Theorem (Cramer): Let (X_i) be i.i.d. real-valued random variables which satisfy \mathbb{E}e^{tX_1}<\infty for every t\in\mathbb{R}. Then for any a>\mathbb{E}X_1,

\lim_{n\rightarrow \infty}\frac{1}{n}\log\mathbb{P}(S_n\geq an)=-I(a),

\text{where}\quad I(z):=\sup_{t\in\mathbb{R}}\left[zt-\log\mathbb{E}e^{tX_1}\right].

Remarks

  • So, informally, \mathbb{P}(S_n\geq an)\sim e^{-nI(a)}.
  • I(z) is called the Fenchel-Legendre transform (or convex conjugate) of \log\mathbb{E}e^{tX_1}.
  • Considering t=0 confirms that I(z)\in[0,\infty].
  • In their extremely useful book, Dembo and Zeitouni present this theorem in greater generality, allowing X_i to be supported on \mathbb{R}^d, considering a more general set of large deviation events, and relaxing the requirement for finite mean, and thus also the finite moment generating function condition. All of this will still be a special case of the Gartner-Ellis theorem, which will be examined in a subsequent post, so we make do with this form of Cramer’s result for now.

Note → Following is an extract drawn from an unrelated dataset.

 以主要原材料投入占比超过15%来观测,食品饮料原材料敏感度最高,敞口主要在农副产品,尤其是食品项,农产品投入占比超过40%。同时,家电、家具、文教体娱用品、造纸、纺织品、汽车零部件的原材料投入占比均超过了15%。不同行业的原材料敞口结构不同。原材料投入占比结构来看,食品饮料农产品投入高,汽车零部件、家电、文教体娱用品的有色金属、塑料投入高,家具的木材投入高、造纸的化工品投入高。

The proof of Cramer’s theorem splits into an upper bound and a lower bound. The former is relatively straightforward, applying Markov’s inequality to e^{tS_n}, then optimising over the choice of t. This idea is referred to by various sources as the exponential Chebyshev inequality or a Chernoff bound. The lower bound is more challenging. We reweight the distribution function F(x) of X_1 by a factor e^{tx}, then choose t so that the large deviation event is in fact now within the treatment of the CLT, from which suitable bounds are obtained.

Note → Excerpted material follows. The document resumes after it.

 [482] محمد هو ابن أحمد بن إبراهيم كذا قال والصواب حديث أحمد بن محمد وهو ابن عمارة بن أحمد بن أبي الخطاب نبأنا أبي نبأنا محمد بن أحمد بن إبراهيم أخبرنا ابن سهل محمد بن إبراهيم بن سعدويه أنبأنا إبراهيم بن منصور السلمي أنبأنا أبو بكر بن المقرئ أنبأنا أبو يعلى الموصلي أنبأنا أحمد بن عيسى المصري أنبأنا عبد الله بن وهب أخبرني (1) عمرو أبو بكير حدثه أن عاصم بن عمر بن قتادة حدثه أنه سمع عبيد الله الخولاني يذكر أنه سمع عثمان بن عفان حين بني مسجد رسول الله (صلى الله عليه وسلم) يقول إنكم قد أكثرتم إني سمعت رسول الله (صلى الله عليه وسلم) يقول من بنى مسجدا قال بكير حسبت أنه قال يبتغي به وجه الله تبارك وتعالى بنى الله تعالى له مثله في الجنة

To avoid overcomplicating this initial presentation, some details have been omitted. It is not clear, for example, whether I(x) should be finite whenever x is in the support of X_1. (It certainly must be infinite outside – consider the probability that 150% or -40% of coin tosses come up heads!) In order to call this a Large Deviation Principle, we also want some extra regularity on I(x), not least to ensure it is unique. This will be discussed in the next posts.